India remains in denial in walking the Foreign Sectary-level talks, citing the Pathankot airbase incident as the stumbling block. It was India – for reasons not known – which dragged its feet while Pakistan had gone whole hog to help discover the truth by sending its investigators. Only last week, New Delhi had said that the stalled dialogue with Pakistan was not “suspended”, generating hopes that the two of them would announce the date for resumption of talks at their level.

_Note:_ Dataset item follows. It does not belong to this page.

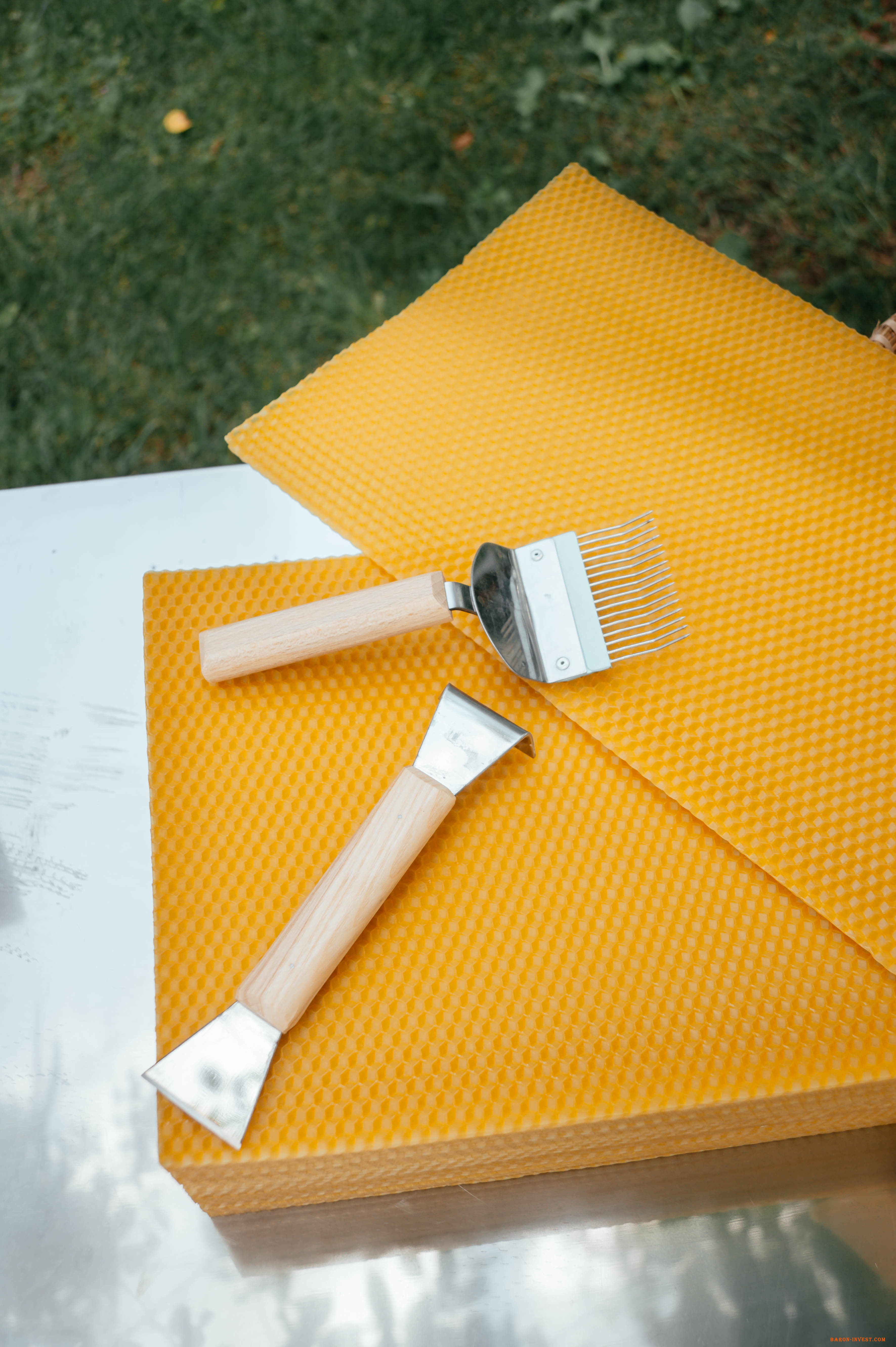Материалы и элементы, используемые при изготовлении товара: вощина представляет собой тонкие листы, изготовленные исключительно из натурального воска, без добавления посторонних примесей, прошедшего термическую и антибактериальную обработку с ячейками шестиугольной формы светло-желтого или желтого цвета. Вощина соответствует ДСТУ 7172:201

Apparently they seem to have differed with each other in such entirety that instead of a joint statement the two sides issued separate statements. India, as usual, called upon Pakistan ‘to speed up the Pathankot investigations’, by arresting some who it accuses of carrying out that carnage. And, quite weirdly, Indian foreign secretary insists that “Pakistan cannot be in denial on impact of terrorism on bilateral relations,” and, therefore, there would be no bilateral talks. How can Pakistan be in denial in discussing terrorism of which it has been the prime victim, particularly in Balochistan and Karachi, and for all of it India’s Raw being the cat’s paw?

Since continued hostility towards Pakistan has proved to be saleable merchandise with successive governments and the Modi administration was not expected to be an exception, which it is not. If Prime Minister Modi had agreed to resume a comprehensive dialogue covering all important issues, including Jammu and Kashmir with Pakistan at Ufa, Russia, we doubt if it was on his own and not a fake offer to win international acclaim. Rightly then nothing in concrete terms has happened between the two countries since then.

In his 90-minute meeting with his Indian counterpart, Foreign Secretary Aizaz Chaudhry raised three principal issues which tend to impact bilateralism between the two countries. First, it is Kashmir that needs to be resolved in accordance with the UN Security Council resolutions and the wishes of Kashmiris. The people of Kashmir refuse to accept Indian control and will never and the latest proof in support of that being the events following the molestation of a Muslim girl by an Indian soldier.

That Narendra Modi has succeeded in stitching up a Vichy regime now headed by Mehbooba Mufti hardly is something that makes for justification of Indian hold. The involvement of Raw in Balochistan and other parts of Pakistan also came under discussion at the meeting, and as expected Indian side rebutted the charge. Having made the ‘mistake’ of admitting that Yadav Kulbhoshan is a senior officer in Indian navy, Foreign Secretary Jaishankar could go no further on that. He stoutly remained stuck in the rut of denial on that.

And if India demands trial of Pakistanis for their alleged part in the Mumbai carnage and the Pathankot airbase attack why should it run away from discussing what happened to the Samjhota Express carnage. Why is New Delhi reluctant to share with Pakistan the investigation report on that incident – just because a senior Indian Army officer was involved? India denies hand in brutalising Kashmiris, it disowns Kulbhoshan’s ‘heroics’, it is preparing to release the Samjohta Express culprits and yet poses to be champion of peace and harmony in South Asia. That is no more possible, given that the veneer of Ghanaian pacifism has worn thin and the world can no more be hoodwinked.